Pink Moon - Drake, Nick (1972)


1. "Pink Moon" – 2:06
2. "Place to Be" – 2:43
3. "Road" – 2:02
4. "Which Will" – 2:58
5. "Horn" – 1:23
6. "Things Behind the Sun" – 3:57
7. "Know" – 2:26
8. "Parasite" – 3:36
9. "Free Ride" – 3:06
10. "Harvest Breed" – 1:37
11. "From the Morning" – 2:30

 

Nous avons déjà recommandé, de Nick Drake, Five Leaves Left, album dont les séances d'enregistrement avaient duré près d'un an, et qui aurait mérité le qualificatif de surproduit si les arrangements de cordes de Robert Kirby n'avaient été si délicats.

Arrive maintenant ce Pink Moon terrifiant, bien différent dans son extrême nudité. Ce disque suinte la détresse terminale, annonçant la mort par (probable) suicide de Nick Drake. Il a été enregistré en deux nuits et est fait de peu : il n'y a même plus d'instrumentistes en dehors de Nick Drake ; il y a des chansons sans paroles, d'autres faites de phrases hachées, scandées... Ces chansons sont d'autant plus poignantes que chaque mot a été arraché à la dépression. C'est à une raréfaction du langage et à une impossibilité d'écrire que Nick Drake eut à faire face, pendant les mois précédant l'enregistrement de Pink Moon. Il écrivit à une amie : "Je n'arrive plus à faire face."

Grand disque maladif, Pink Moon est à ranger sur une étagère, aux côtés d'Oar de Skip Spence, de Third / Sister Lovers de Big Star, des albums de Syd Barrett, des dernières productions de Rocky Erickson... Peter Buck, de REM, le compara au "Hellbound On My Trail" (les chiens de l'enfer sur mes traces) de Robert Johnson.

Cette dernière comparaison est assez juste. Alors que Fives Leaves Left était classiquement beau, soigné dans ses moindres détails, ici, c'est à un album de blues anglais qu'on a affaire. La musique, évidemment, n'a rien à voir avec le blues. C'est folk.

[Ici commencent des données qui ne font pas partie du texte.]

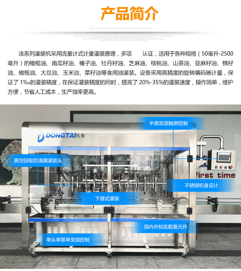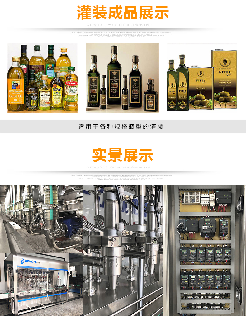該食用油灌裝機(jī)采用流量計(jì)式計(jì)量灌裝原理,多項(xiàng)認(rèn)證,適用于各種規(guī)格(1-5升)的南瓜籽油、榛子油、牡丹籽油、芝麻油、核桃油、山茶油、亞麻籽油、棉籽油、橄欖油、大豆油、玉米油、菜籽油等食用油灌裝。設(shè)備采用高精的旋轉(zhuǎn)編碼器計(jì)量,保證了1%o的灌裝精度,在保證灌裝精度的同時(shí),提高了20%-35%的灌裝速度,操作簡單,維護(hù)方便,節(jié)省人工成本,生產(chǎn)效率更高。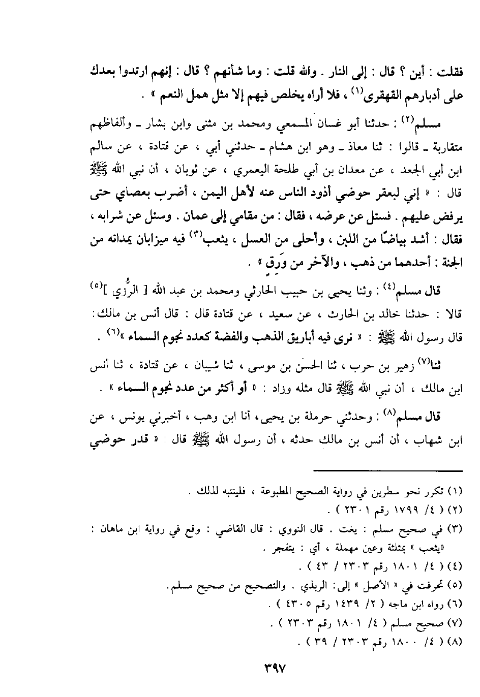 قَالَ مُسلم: وثنا يحيى بن حبيب الْحَارِثِيّ وَمُحَمّد بن عبد الله [الرزي] قَالَا: حَدثنَا خَالِد بن الْحَارِث، عَن سعيد، عَن قَتَادَة قَالَ: قَالَ أنس بن مَالك: قَالَ رَسُول الله - صَلَّى اللَّهُ عَلَيْهِ وَسَلَّم َ -: " نرى فِيهِ أَبَارِيق الذَّهَب وَالْفِضَّة كعدد نُجُوم السَّمَاء ".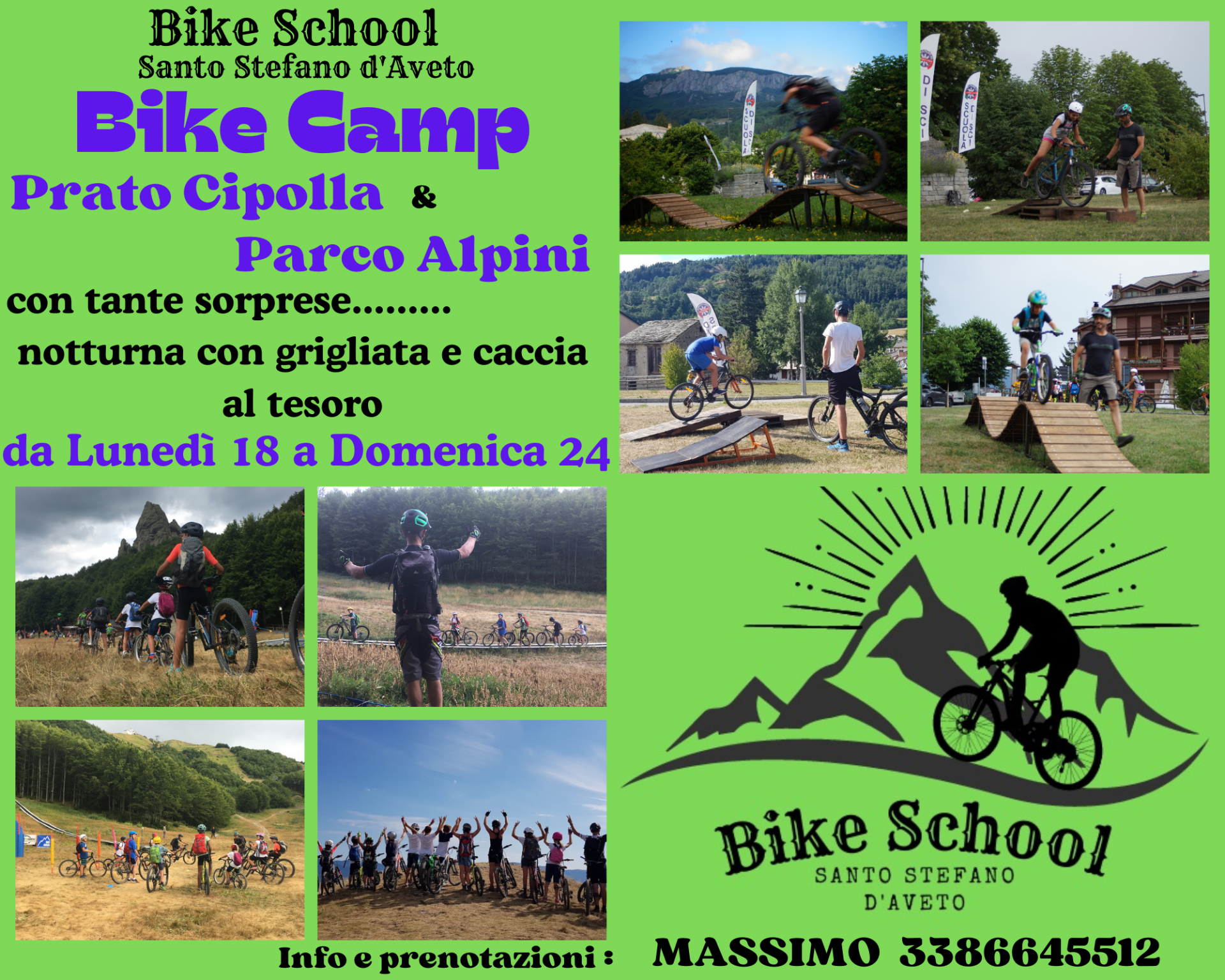 Bike school e bike camp al Prato della Cipolla e al Parco degli Alpini con tante sorprese.... notturna con grigliata e caccia al tesoro

La chanson-titre est à l'image du délabrement de l'album. Les paroles ? Cinq vers seulement. Il y est question d'une lune menaçante. La mélodie vocale ? Superbe, au point d'être reprise - ô paradoxe ! - dans une publicité. Le solo ? Une mélodie tombante au piano, qui pourrait être jouée avec un seul doigt.

Certaines chansons ressemblent, par leur structure, par leur style guitaristique riche, à ce que faisait Nick Drake jadis : "Place To Be", "Which Will", "Things Behind The Sun", "From The Morning"... Elles sont juste plus désincarnées, plus désenchantées. Nick Drake n'a que vingt-quatre ans, mais il paraît déjà crouler sous le poids des souvenirs. "When I was young, younger than before", chante-t-il dans "Place To Be". De ces chansons intenses, "Parasite" me paraît être la plus extraordinaire. Ca commence comme ça : "Lifting the mask from a local clown / Feeling down like him". Qu'est-ce ? Une version déglinguée du "Desolation Row" de Dylan ? Les arpèges confèrent à la chanson une atmosphère supernaturaliste saisissante.

Et puis il y a des chansons qui donnent à penser que Nick Drake, avant de mourir, retrouve le sens du blues, mais en empruntant une autre voie : "Free Ride", "Road"... On trouve là des semblants de riff et des unissons relatifs entre guitare et chant, à l'instar des bluesmen du Delta comme Fred McDowell. C'est très beau.

Enfin, il y a des choses qui ne ressemblent à rien, et qui ne peuvent être appelées chansons. "Horn" n'a pas de chant. Pourquoi ce titre, "horn" ? Il n'y a pas de cor dans cette chanson : juste une guitare percée. Et si c'est un avertissement, de quoi veut nous avertir Nick Drake ? De l'approche de la fin du parcours (pour lui-même) ? Je compare justement cette chanson au lied "Der Leiermann", de Schubert, qui clôt le Voyage d'hiver. Dans les deux cas, on entend une imitation dérisoire d'un instrument absent : le cor chez Nick Drake, un violon pitoyable chez Schubert.

Quant à "Know", il fallait oser déposer ça sur la bande. Un riff acoustique qui grince est répété tout au long de la "chanson" ; Nick Drake fait hmm-hmm avant d'entonner quelques pauvres phrases et de dire qu'il n'est pas là...

C'est évidemment dérangeant. Mais ne pas s'y tromper : Pink Moon est mélodieux de bout en bout. Son auréole légendaire n'est pas usurpée.